本論文基於保護剖繪，設計符合安全保證要求的智慧電錶閘道器，以確保用電數據的機密性、完整性與可用性。進而以實現零信任為目標，將所有閘道器以外的實體皆視為不可信任，設計採用全同態加密演算法對用電數據進行加密，以確保惟有合法的實體才能存取。其中，全同態加密具有在密文狀態下進行加法與乘法運算之能力，可有效避免用電數據在運算過程遭竊取或竄改的風險，也能降低資料存放於第三方時遭到滲透的可能性。最後使用ARM架構的開發板進行原型實作，並整合Modbus協定轉換與保護剖繪所要求的安全功能。經評估測試後，證實本論文所提的方案具備高度可行性，同時也具有通過共同準則驗證之潛力。

Smart metering system has been extensively used in recent years due to the high demand of smart grids, the contemporary smart meter gateway used in Supervisory Control and Data Acquisition system will be connected to open network inevitably, which may lead the electricity usage data obtained by malicious entities to analyze users’ behavior for illegal purposes (e.g., observe the habit and daily life of house owner to speculate the best timing for burglary). Federal Office for Information Security in Germany has defined the minimum requirements for security measures to ensure that smart meter gateway can address various potential threats in its operating environment. These requirements are published in the form of Protection Profiles (PP) after third-party verification on the official website of Common Criteria. However, in the face of increasingly obscured boundary of trust zone in modern network, the access control needs to be enforced as granular as possible, ensuring that data can only be obtained by authorized entities.

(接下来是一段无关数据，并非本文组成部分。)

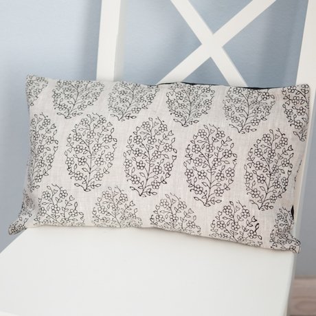 Красивая прямоугольная подушка с набивным рисунком в стиле скандинавского кантри. Рисунок — черные веточки можжевельника, — не смотря на свою простоту и строгость смотрится очень уютно и по-домашнему. Такая подушка будет великолепно смотреться в гостиной, прихожей или спальне загородного дома. В городскую квартиру она привнесет деревенский дух и свежесть.

This thesis designs a secure smart meter gateway based on PP to meet the Security Assurance Requirements, ensuring the confidentiality, integrity, and availability of electricity usage data. With the goal of achieving Zero Trust, all external entities are considered untrusted. The design utilizes Fully Homomorphic Encryption (FHE) algorithm to encrypt the electricity usage data, ensuring that only legitimate entities can access it. FHE allows addition and multiplication operations be performed on ciphertext to prevent the risk of theft or tampering of the data during computation and reducing the possibility of data compromised when stored by third-party. Finally, this thesis utilizes an ARM architecture development board for prototyping and integrated Modbus protocol conversion along with the security functions required by PP. After evaluation and testing, the proposed scheme has high feasibility and the potential to pass CC verification.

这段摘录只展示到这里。